* **Instructions for the task**: Transcribe exactly, please, the lines from the one containing "2014年入社/広島県立福山高等技術専門校出身" through the end of the records below, and leave out the pictures.

* **Information supplied**:
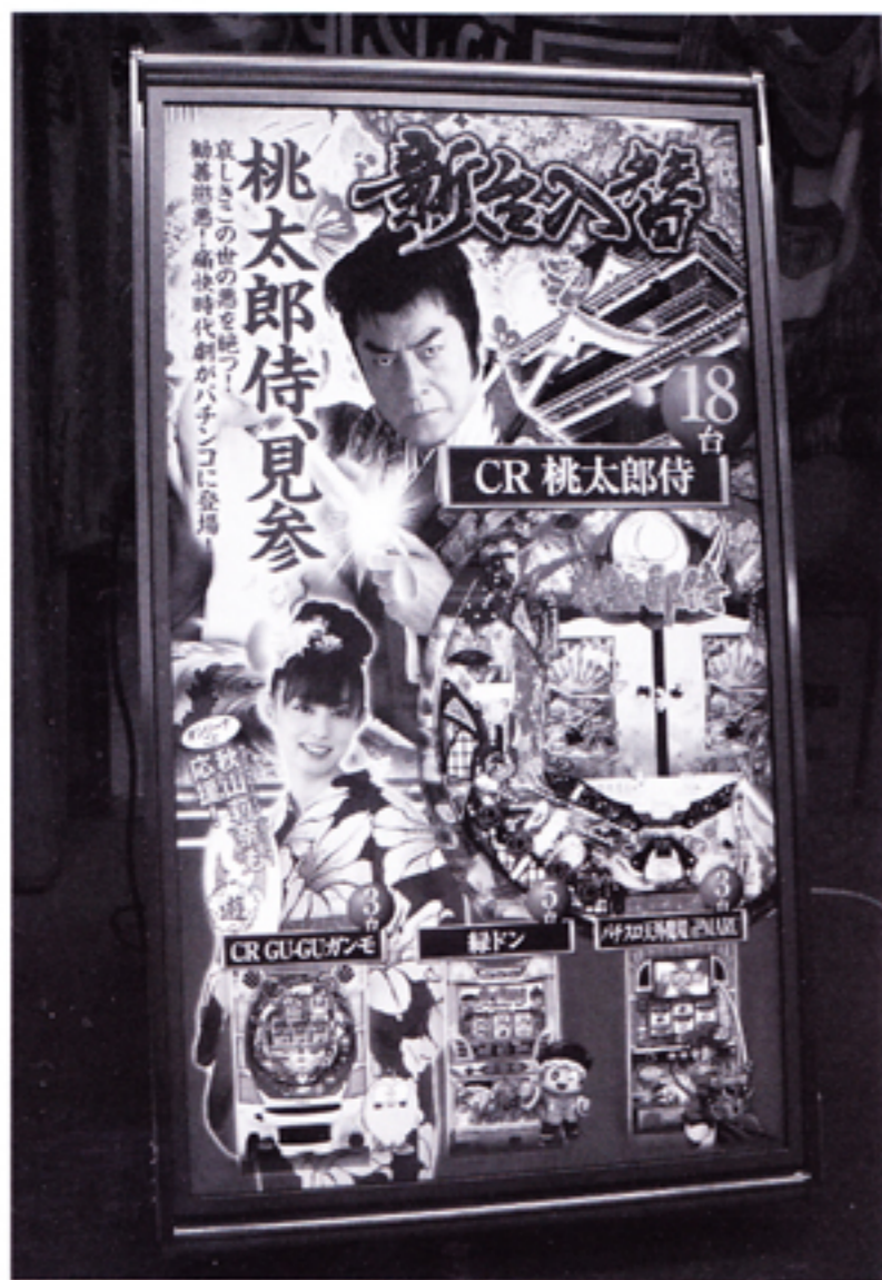
「CoroZo-40」に映し出された新台情報

その鮮明で光り輝く画面を見る と、誰もが立ち止まって眺めるほど の強い印象を与える。これまで大型 サイズの「ShowZo-K46」は、 市役所や病院などに設置されてき
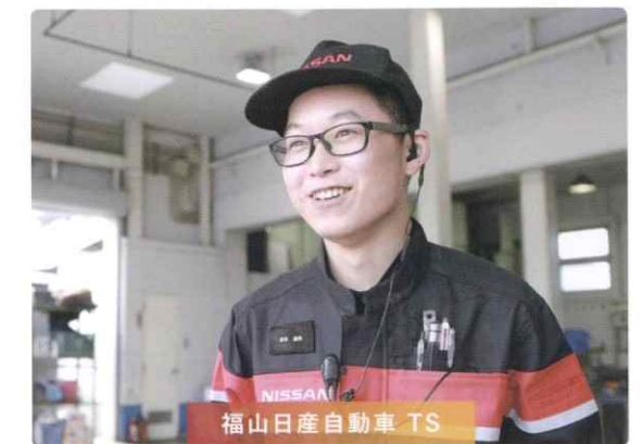
2014年入社/広島県立福山高等技術専門校出身
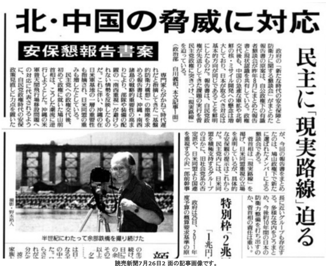
読売新聞7月26日2面の記事画像です。

具体的には、単一のミサイル攻撃といった事態への対処より、「複合的な事態の発生に対処できる機動的、弾力的、実効的な防衛力整備」を提言している。部隊配備は、全国均衡から沖縄・南西諸島重視への転換が視野にある。(後略、引用ここまで)
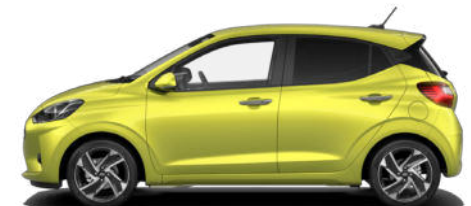
Lucid Lime Metallic Kontrastdach verfügbar
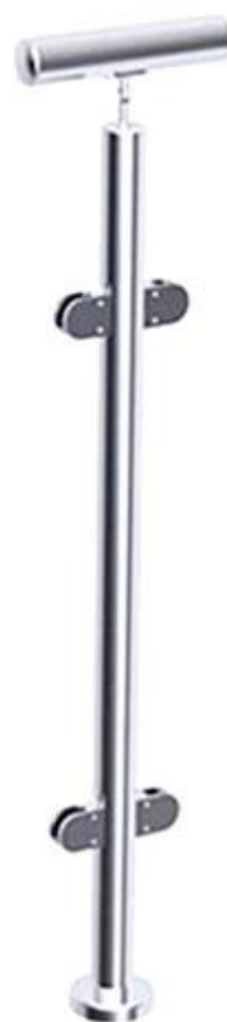
Szklany balustrada balkonowa

* **Solution to the exercise**:
2014年入社/広島県立福山高等技術専門校出身
読売新聞7月26日2面の記事画像です。

具体的には、単一のミサイル攻撃といった事態への対処より、「複合的な事態の発生に対処できる機動的、弾力的、実効的な防衛力整備」を提言している。部隊配備は、全国均衡から沖縄・南西諸島重視への転換が視野にある。(後略、引用ここまで)
Lucid Lime Metallic Kontrastdach verfügbar
Szklany balustrada balkonowa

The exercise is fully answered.